The Winter Interview Wonderland

A friend of mine buried neck-deep in snow up in Edmonton and getting ready for an interview sent me a text message yesterday saying “why don’t you do a blog about interviewing in the winter?!” Thanks for the great idea, Stephanie, and I hope your interview was wonderful!

Interviews can be stressful at the best of times and nasty weather just adds one more variable into your preparations – but as long as you do factor the weather into your interview prep, there should be no reason to let some Alberta snowstorm get in the way of you getting there and giving a great interview.

Let’s face it – the getting there can be the most daunting part of that “getting to an interview in inclement weather” proposition, especially if you are interviewing in an unfamiliar part of town. A standard interviewing tip is to know where you’re going and to plan to be there 5-10 minutes early – I would propose that this is doubly important when the weather is frightful. If you’re driving, I’d recommend leaving double the time you would normally allot to travel – and inform yourself about the parking situation! Especially when the snow flies, parking in some parts of Calgary can be difficult to find and expensive. You’ll want to leave enough room in your travel time for parking and possibly walking to the interview location. I am an ardent fan of the 660 News Traffic Twitter feed (@660NewsTraffic) for checking up-to-the-minute traffic information before I leave the house, and radio stations in Calgary announce frequent traffic updates especially during rush hours. Also, Google Maps’ Street View service (https://www.google.com/maps/views/home?hl=en-CA&gl=ca) lets you get a peek at the area around an unfamiliar address if you’re not able to drive down in advance to get a feel for the location – it can give you some good hints on parking. The Calgary Parking Authority (www.calgaryparking.com) also lists lot locations around the city. 

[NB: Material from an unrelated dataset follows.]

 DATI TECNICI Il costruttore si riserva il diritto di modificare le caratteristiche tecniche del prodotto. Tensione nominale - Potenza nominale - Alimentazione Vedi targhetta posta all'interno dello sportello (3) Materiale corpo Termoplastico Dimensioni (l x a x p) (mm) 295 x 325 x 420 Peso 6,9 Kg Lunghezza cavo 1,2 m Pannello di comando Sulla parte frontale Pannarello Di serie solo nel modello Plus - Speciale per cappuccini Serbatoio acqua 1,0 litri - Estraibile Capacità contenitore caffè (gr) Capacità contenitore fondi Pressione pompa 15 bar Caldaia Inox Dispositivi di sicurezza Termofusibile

We all appreciate Calgary Transit’s hard work moving people around our big city; and it’s understandable that bad weather can snarl traffic and transit alike. The Calgary Transit Twitter feed (@calgarytransit) is one of the best I’ve ever seen for keeping customers up to date on delays and for responding to queries quickly and accurately. The Calgary Transit website (www.calgarytransit.ca) offers a great trip-planning service – but remember that when it snows, delays on busses and C-trains can occur, and leave yourself even more extra time. Again, we usually recommend that you arrive 5-10 minutes early for an interview, but I think a few minutes even earlier than that is completely understandable and even a good sign when the weather is bad – it gives a good impression that you planned ahead.

Are bad roads ever an excuse for arriving at an interview late? Well…I talked to one of our recruiters, and while she wouldn’t come out and say “no, they’re not ever an excuse,” she agrees with me that if you’re leaving yourself extra time and planning ahead, chances are good you can take “bad roads making you late” out of the equation altogether. As with any unexpected delay, though, always call as soon as you realize you’ll be delayed and offer to reschedule.

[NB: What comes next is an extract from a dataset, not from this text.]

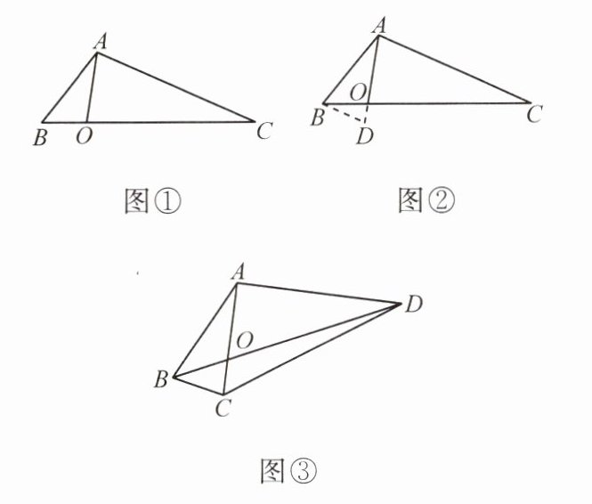经过社团成员讨论发现,过点 $B$ 作 $BD // AC$,交 $AO$ 的延长线于点 $D$,通过构造 $\triangle ABD$ 就可以解决问题(如图②).

So, you’re going to be on time – fantastic! But what will you wear? Even if you’re fortunate enough to be driving to an interview, that pesky Calgary parking situation means you’ll likely want to be bundled up and especially wearing puddle-and-ice-proof footwear! You’ll still want to look polished and professional, however – wool overcoats are preferable to down jackets for a sharper look, and you can’t go wrong with sensible black boots for a professional image. I’ve heard of people covering their boots with plastic bags to get from the car to the door – as long as those plastic bags are hidden away in a coat pocket before coming into the office, I say “whatever works.”  Some experts also advise, especially for people who aren’t driving to their interview, wearing winter boots and then changing them in the washroom; bringing along a bag to keep them with their overcoat. This would work out at our office – we have a spot where I keep my winter boots, in fact – but I’d hesitate to recommend it for an interview at other offices where I wasn’t sure of their coat-closet situation. It isn’t quite as professional as choosing footwear which can hold up to both the outdoors and the interview setting. (Bringing shoes to change into is preferable, though, to wearing clunky snow boots into an interview). A nice, warm, solid-colored scarf, gloves (not ski gloves!), and a pair of earmuffs completes your on-my-way-to-an-interview-in-the-winter look. Plus, while you’re planning all that extra time – add on a couple of minutes for a washroom break to make sure the elements haven’t gotten to your hair!

I really believe there are enough things to worry about when you land an interview, so winter wreaking havoc on your plans doesn’t have to be one of them. Remember to leave yourself lots of extra time (more than usual), know exactly where you’re going, and be confident in what you’re wearing to arrive there warm and safe!